• _ENTRIES SUPPLIED_
----

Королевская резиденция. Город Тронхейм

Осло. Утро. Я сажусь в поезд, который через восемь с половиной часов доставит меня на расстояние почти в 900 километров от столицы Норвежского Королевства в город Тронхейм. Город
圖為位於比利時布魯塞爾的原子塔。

----

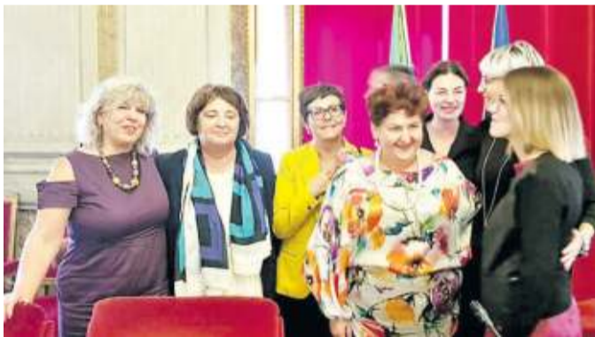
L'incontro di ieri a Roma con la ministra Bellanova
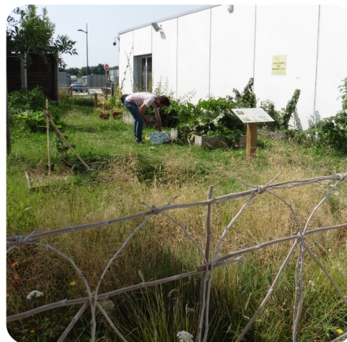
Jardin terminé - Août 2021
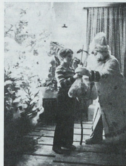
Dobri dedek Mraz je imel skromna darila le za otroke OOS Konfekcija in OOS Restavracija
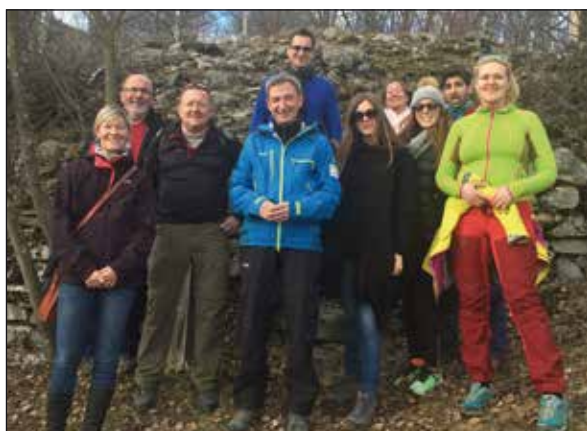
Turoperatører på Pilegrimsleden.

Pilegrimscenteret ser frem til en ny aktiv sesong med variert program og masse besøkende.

----

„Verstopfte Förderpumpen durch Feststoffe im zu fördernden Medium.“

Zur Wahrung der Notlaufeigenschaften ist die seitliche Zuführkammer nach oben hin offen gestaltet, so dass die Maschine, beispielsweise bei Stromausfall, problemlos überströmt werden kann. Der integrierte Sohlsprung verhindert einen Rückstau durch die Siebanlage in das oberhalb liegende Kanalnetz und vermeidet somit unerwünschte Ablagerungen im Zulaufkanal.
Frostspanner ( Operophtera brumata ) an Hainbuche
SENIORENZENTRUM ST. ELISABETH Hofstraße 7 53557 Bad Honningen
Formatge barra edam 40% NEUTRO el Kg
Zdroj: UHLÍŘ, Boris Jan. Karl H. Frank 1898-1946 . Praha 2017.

----

• _TASK INSTRUCTIONS_
For each line of the material that contains the word "Тронхейм", make a copy.

• _RESPONSE_
Королевская резиденция. Город Тронхейм
Осло. Утро. Я сажусь в поезд, который через восемь с половиной часов доставит меня на расстояние почти в 900 километров от столицы Норвежского Королевства в город Тронхейм. Город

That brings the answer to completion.